HOW TO COMPLETE THIS TASK: Quote only the lines that start at the line with "ヒーロー風カッコイイあだ名 | 『ウルトラバカもえマン』『ネオバカモエ』 |" and run to the end of the entries; omit the pictures.

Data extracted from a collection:
===
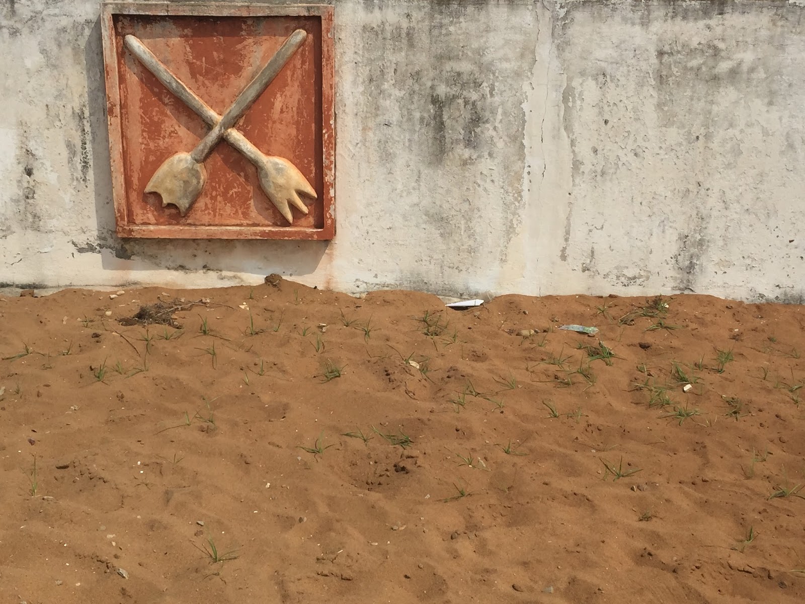 J’ai ainsi été émerveillée par le terrain de foot, avec ses tribunes, sa cage, et ses joueurs, de l’artiste béninois Serge Mikpon surnommé Aston !Â
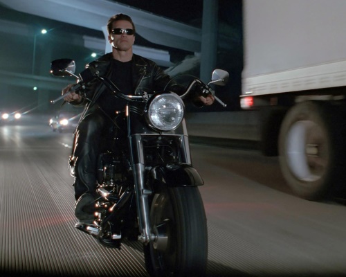 Arnold Schwarzenegger a správná mašina ve snímku, ve kterém jde o budoucnost lidstva. V prvním díle sice likvidace Sarah Connor, matky budoucího vůdce lidstva, ve válce proti strojům nevyšla, nový Terminátor, typ T-1000, se však vrací po deseti letech zpět do Los Angeles, terčem je tentokrát syn John Connor. Scenáristé se s motorkou a jezdcem příliš nemazlili, neboť v jedné ze scén vyslali něco málo přes 300 kg těžký stroj na skok do třímetrové hloubky kanalizace v Los Angeles. Díky Arnoldovi se Harley-Fat Boy těší z postavení jedné z nejprodávanějších motorek značky.
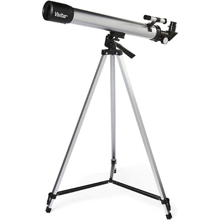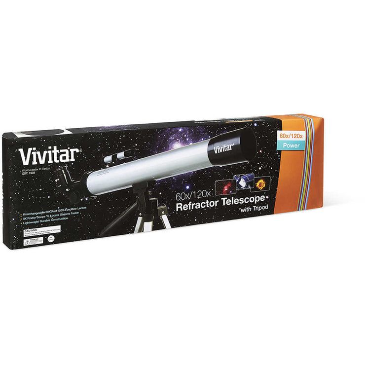 The Vivitar Refractor Telescope 60x/120x with accessories is a powerful telescope you can use at home for stargazing or study of the night sky. This telescope with tripod comes with 60x and 120x eyepiece lenses, as well as 3x finder for locating objects quickly and easily, and a mirrored diagonal eyepiece for the ultimate astrological viewing.
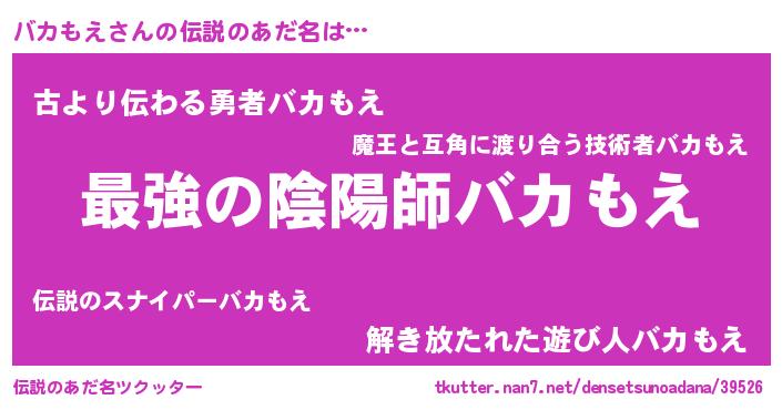 | ヒーロー風カッコイイあだ名 | 『ウルトラバカもえマン』『ネオバカモエ』 |
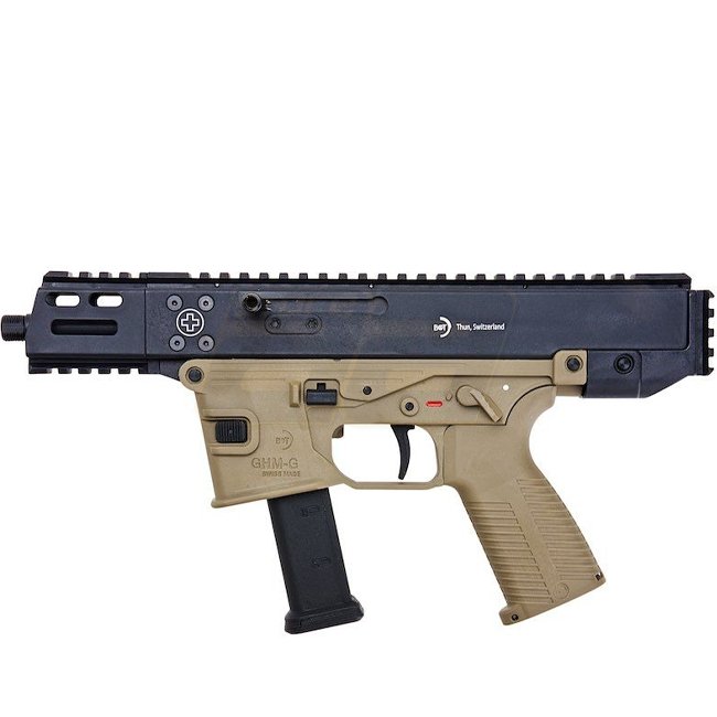 Lambda Defence GHM-9 Gas Blow Back SMG - Deux Tons est un SMG en métal et polymère avec une capacité de chargeur de 31 cartouches. Il a une longueur de 360 mm, pèse 1590 g et propose des modes de tir semi-automatique et automat
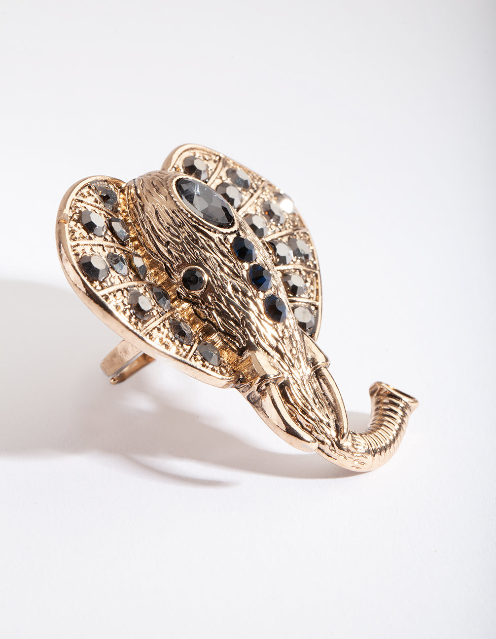 Gold Black Diamante Elephant Ring Gold Black Diamante Elephant Ring
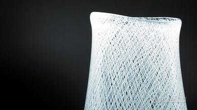 Vaso in vetro con decoro zanfirico a canne incrociate.
===
ANSWER TO THE PROBLEM:
 | ヒーロー風カッコイイあだ名 | 『ウルトラバカもえマン』『ネオバカモエ』 |
 Lambda Defence GHM-9 Gas Blow Back SMG - Deux Tons est un SMG en métal et polymère avec une capacité de chargeur de 31 cartouches. Il a une longueur de 360 mm, pèse 1590 g et propose des modes de tir semi-automatique et automat
 Gold Black Diamante Elephant Ring Gold Black Diamante Elephant Ring
 Vaso in vetro con decoro zanfirico a canne incrociate.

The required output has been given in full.